This model represents the standard SA model, except that the length scale \({\tilde{d}}\) in the destruction term is modified. In the SA model, d is the distance to the nearest wall. In the IDDES model [19] that is used in this study, d is replaced with \({\tilde{d}}\), which is defined as

$$\begin{aligned} {\tilde{d}} = d - f_{d} \mathrm{max} (0, d-C_{\mathrm{DES}} \Delta ) \end{aligned}$$

(4)

with \(\Delta =\mathrm{max}(\Delta x,\Delta y,\Delta z)\) and \(f_{d}\) is the shielding function designed to be unity in the LES region and zero elsewhere.

The SA-neg model is the same as the “standard” version when the turbulence variable \(\tilde{\nu }\) is greater than or equal to zero. When the kinematic eddy viscosity would become negative, the Eq. 2 is modified, such that the turbulent eddy viscosity in the momentum and energy equations is set to zero [20].

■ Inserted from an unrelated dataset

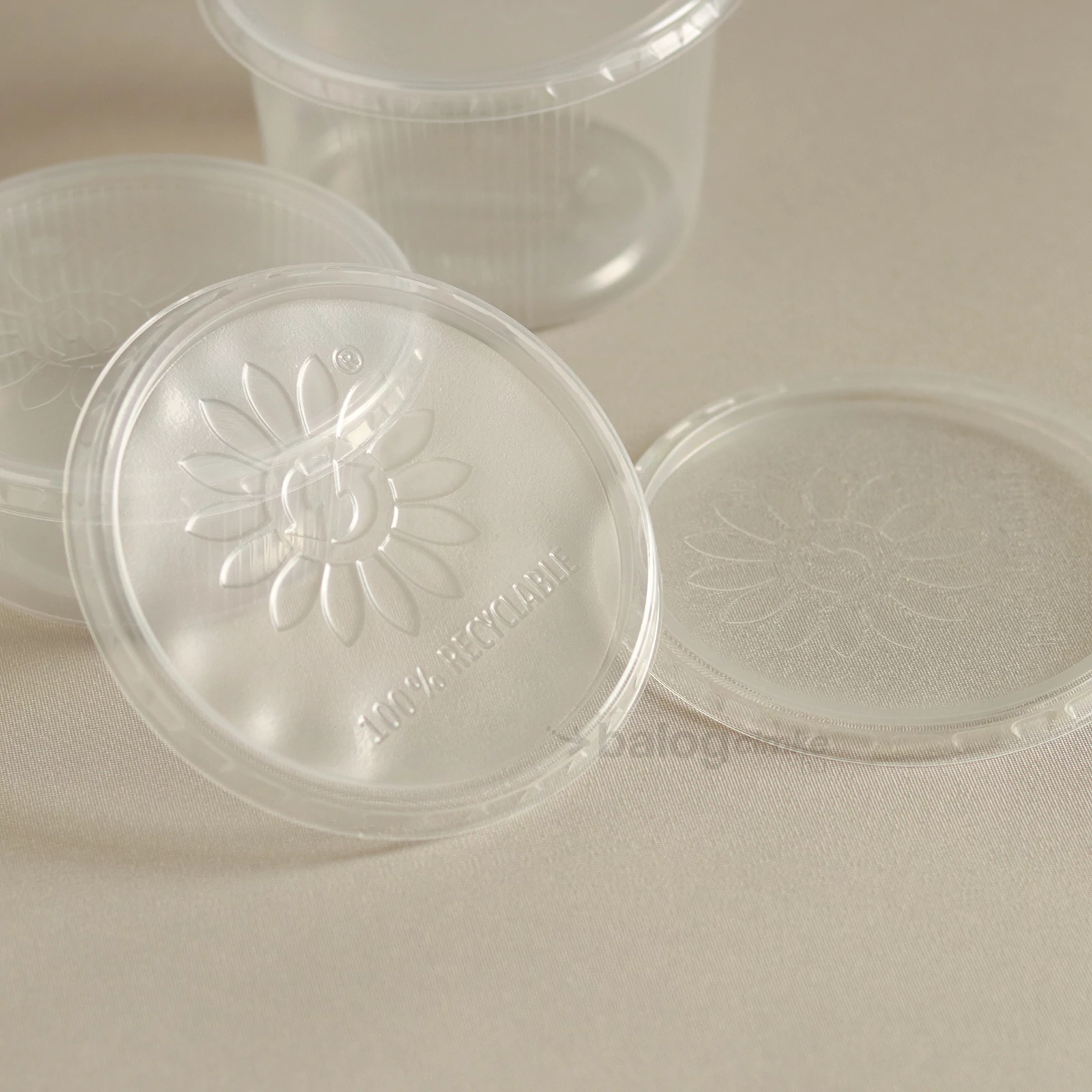 Műanyag, újrahasznosítható anyagból készült átlátszó tető a 200 ml és 300 ml-es tégelyekhez. Ez a tető mindkét mérethez használható. Csak a műanyag tégelyekhez illeszkedik. Mérete: 10 cm.
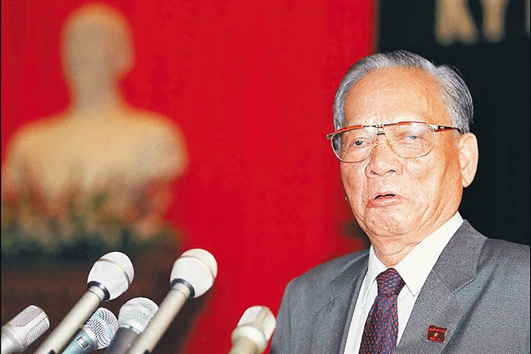 这是1997年4月2日拍摄的,时任越南国家主席黎德英在河内讲话的资料照片。 新华社/法新

3.2 Scale-adaptive approach

To only resolve turbulence where significant fluctuations exist, the work by Menter et al. [21] suggested a modified turbulence model which adds a source term \(Q_{\mathrm{SAS}}\) based on the local von Karman length scale \(L_{\mathrm{vK}}\) into the dissipation rate equation. This scale-resolving technique has been used in this study with the standard k–\(\omega \) SST model [22] as the base model in conjunction with the wall function technique. The governing equations of the SST-SAS model differ from the k–\(\omega \) SST model by the additional source term \(Q_{\mathrm{SAS}}\) in the transport equation for the turbulence eddy frequency \(\omega \) which is defined as shown in Eq. 5

$$\begin{aligned} Q_{\mathrm{SAS}}= \;& {} \mathrm{max} \bigg [ \rho \zeta _{2} S^{2} \bigg ( \frac{L}{L_{\mathrm{vK}}} \bigg )^{2} \nonumber \\&\quad - F_{\mathrm{SAS}} \frac{2 \rho k}{\sigma _{\phi }} \mathrm{max} \bigg ( \frac{1}{k^{2}} \frac{\partial k}{\partial x_{j}} \frac{\partial k}{\partial x_{j}}, \frac{1}{\omega ^{2}} \frac{\partial \omega }{\partial x_{j}} \frac{\partial \omega }{\partial x_{j}} \bigg ), 0 \bigg ] \end{aligned}$$

(5)

with von Karman length scale \(L_{\nu K}\) given by

$$\begin{aligned} L_{\nu K}= \kappa \frac{ U'}{U''}; \quad U'' = \sqrt{\frac{\partial ^{2} U_{i}}{\partial x_{k}^{2}} \frac{\partial ^{2} U_{i}}{\partial x_{j}^{2}}}; \quad U'=\sqrt{2 \cdot S_{ij} S_{ij}} \end{aligned}$$

with \(k=0.41\), \(\zeta _{2}=1.755\), \(\sigma _{\phi }=2/3\), and \(F_{\mathrm{SAS}}=1.25\).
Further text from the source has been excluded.